Retrouvez l’intégralité de ce texte dans HOMO DOMINATUS ou l’imposture néo-féministe disponible ici.
L’article consacré au moralisme libertaire nous a montré deux choses. La première est que le néo-féminisme n’aime pas la séduction ; considérée comme l’art de duper ou de maquiller la vérité, la séduction serait un inégalitaire rapport de force dont la victime serait nécessairement la femme. La deuxième chose est que le néo-féminisme n’entrevoit aucune relation entre les hommes et les femmes sans un consentement libre, éclairé, clairement mentionné et motivé par les deux parties – ce qui va à l’encontre de la réalité des rapports de séduction, faits d’équivocité et d’ambivalence. Pour la femme, l’homme n’est plus seulement son semblable, ou plutôt son identique, il est davantage son ennemi. La culture américaine du sexual harassment ayant franchi les océans, dorénavant, toutes les femmes sont des victimes potentielles. De là la nécessité pour le néo-féminisme de les protéger en construisant un cadre de plus en plus moral et légal avec la complicité des associations, médias et politiques. Ce climat de tension permanente n’est évidemment guère propice à l’apaisement, bien au contraire.

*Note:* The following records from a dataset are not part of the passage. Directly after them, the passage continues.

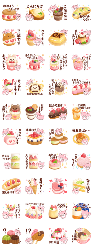 様々なスイーツとリス。日常会話で役に立つ毎日使いやすいスタンプです。毛玉ピストル より発売
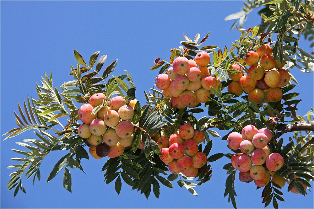 Рябина Моравская - сорт высокоурожайный, сильнорослый. Листья непарноперистые, тонкие, узко-ланцевидной формы. Плоды крупные, кисло-сладкие, ярко-красные. Плоды располагаются на сложных, очень крупных щитках, крупнее, чем у Невежинской рябины и остальных сортов.
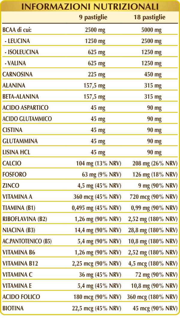 BCAA= Branched-chain amino acids (aminoacidi a catena ramificata). NRV= Valore nutritivo di Riferimento.
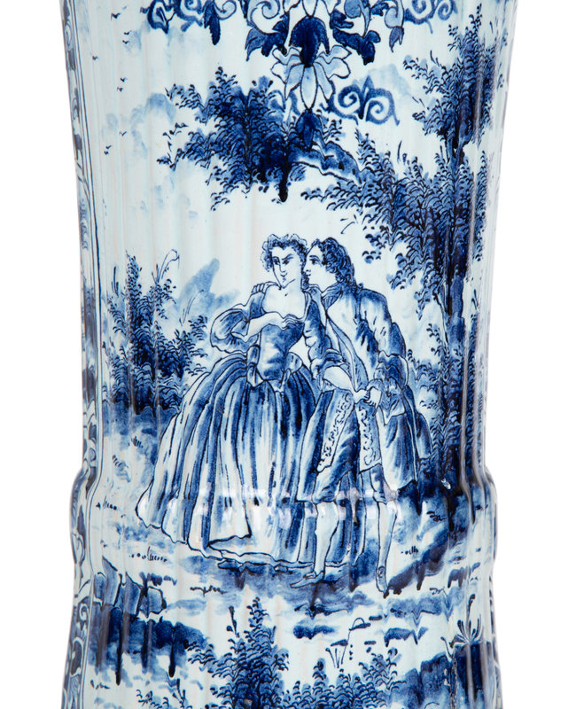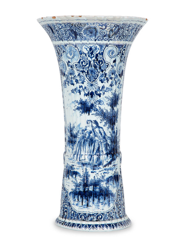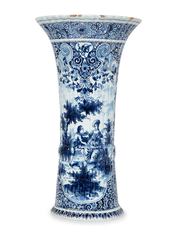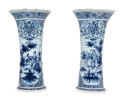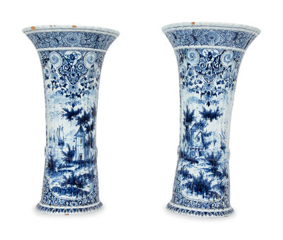 A Pair of Dutch Delft Trumpet-Form Fluted Vases
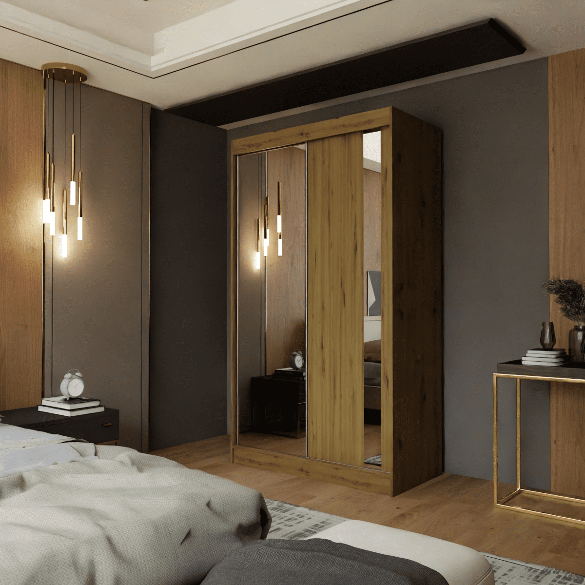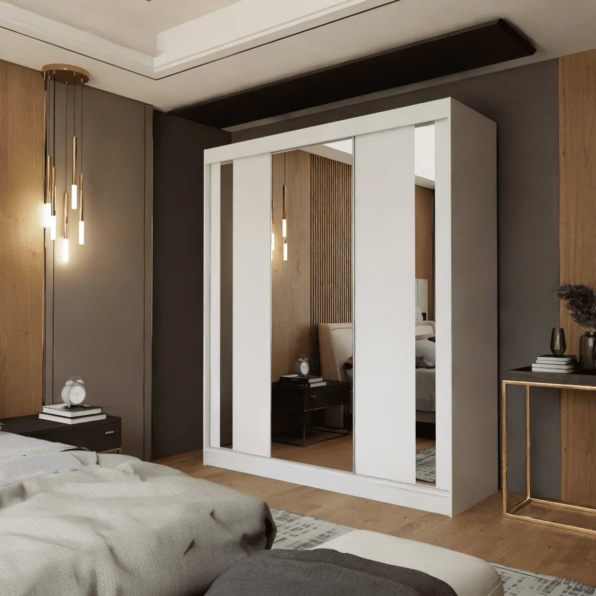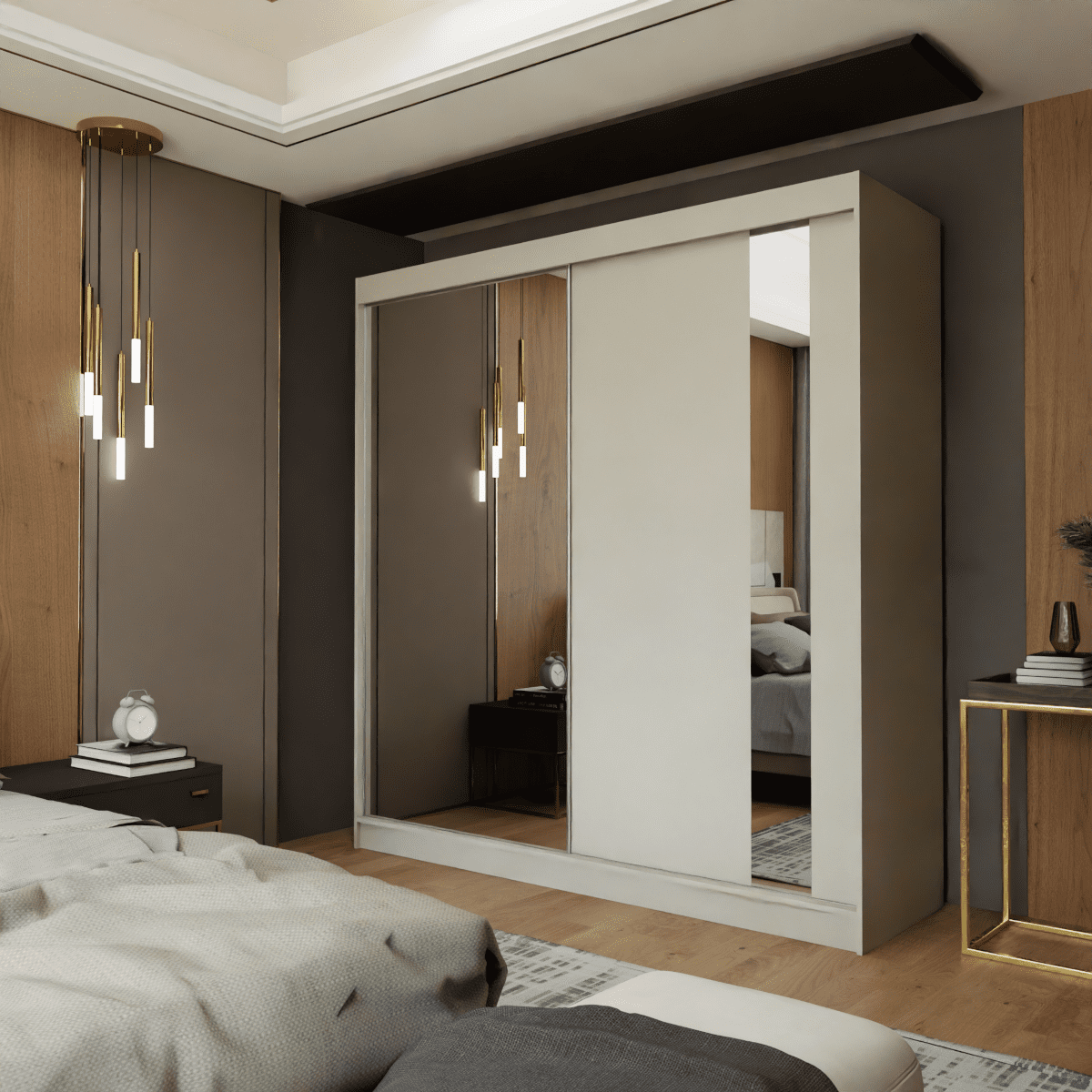 - ✅ Unikalny design z lustrem: Asymetryczne połączenie gładkiego frontu z dużym lustrem i ozdobnym, lustrzanym pasem nadaje szafie oryginalnego i nowoczesnego charakteru.
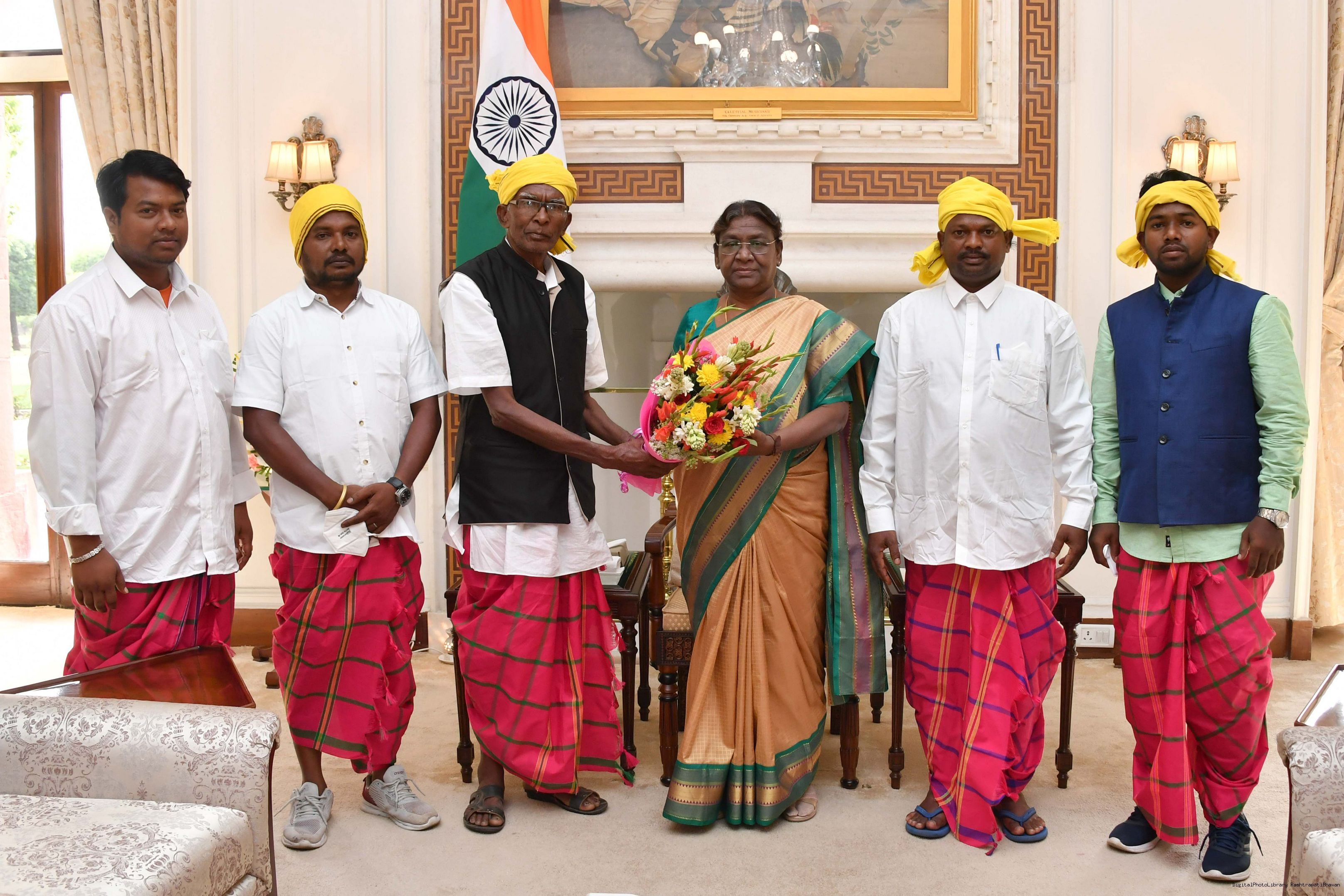 Shri Dhanga Hansda, along with others, from Bharat Jakat Majhi Pargana Mahal (BJMPM), Jhargram, West Bengal meeting with the President of India, Smt. Droupadi Murmu at Rashtrapati Bhavan on May 22, 2023
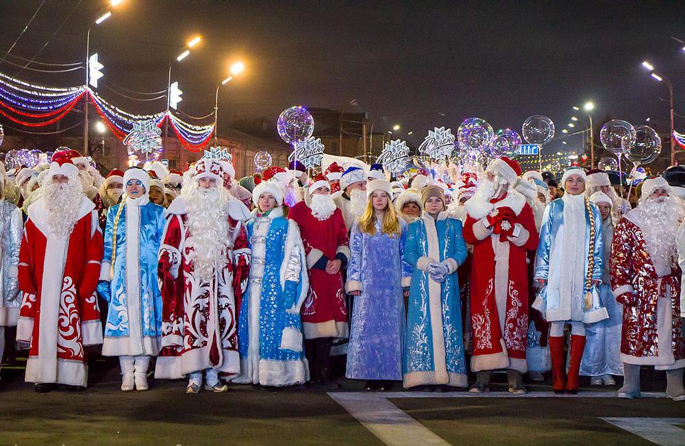 7 декабря сотрудники Дворца детского творчества Юлия Григорио и Юрий Рябов приняли участие в шествии Дедов Морозов и Снегурочек. Такое количество новогодних героев создало праздничное настроение у рязанцев.

Par conséquent, réconcilier les sexes passe par un profond changement de modèle.
En premier lieu, c’est un autre regard sur la séduction qui doit être porté : un regard lucide qui tient compte des différences entre les hommes et les femmes. Traditionnellement la séduction est perçue comme un outil de satisfaction du désir. Si cette personne me plaît, je vais essayer de la séduire pour tenter d’obtenir ses faveurs. Mais comme le pense le philosophe Gilles Lipovetsky, la séduction n’est pas un outil, comme on le pense, mais « la condition du désir ». Lorsqu’on désire une personne, c’est parce qu’on est avant tout séduit par elle. De la même manière, c’est parce que l’on est séduit par quelqu’un que le désir va naître, et que l’on va entreprendre quelque chose ou entrer dans le jeu de séduction. En d’autres termes, la séduction précède le désir. Deux constats permettent d’illustrer ce schéma. Le premier est qu’en matière d’adultère, hommes et femmes ne cherchent pas le sexe pour le sexe. Ils cherchent avant tout le plaisir du jeu de séduction, lequel va conduire au désir et enfin déboucher sur l’acte sexuel. Le second est qu’étant la condition du désir et non sa conséquence, la séduction peut ne plus relever de l’intention, de sorte qu’on peut séduire involontairement. Ce n’est pas un hasard si les grands séducteurs sont bien souvent ceux qui ne cherchent pas à séduire.
La lecture de la notion de séduction que nous venons de faire met en échec la vision néo-féministe de la séduction comme un rapport de tromperie. Si la séduction ne relève pas nécessairement de l’intention, si elle est indépendante de la notion de désir, dès lors, elle ne procède pas obligatoirement d’un insupportable jeu de dupe. De plus, dans une perspective où le désir est motivé par la séduction, l’hypothèse d’un consentement libre et éclairé pour entrer dans le jeu de charme passe nécessairement par son acceptation avant que celui-ci ne débute. Dit autrement, il est nécessaire d’entrer dans le champ de l’autre, de forcer un verrou en quelque sorte, avant même d’intéresser la personne que l’on cherche à séduire. Si le consentement doit être donné avant que ne débute le processus de séduction, il ne peut naître aucun désir. Dès lors, aucune interaction n’est envisageable entre les sexes en dehors d’un cadre contractualisé et formalisé[1]. Aucune spontanéité n’est plus alors possible.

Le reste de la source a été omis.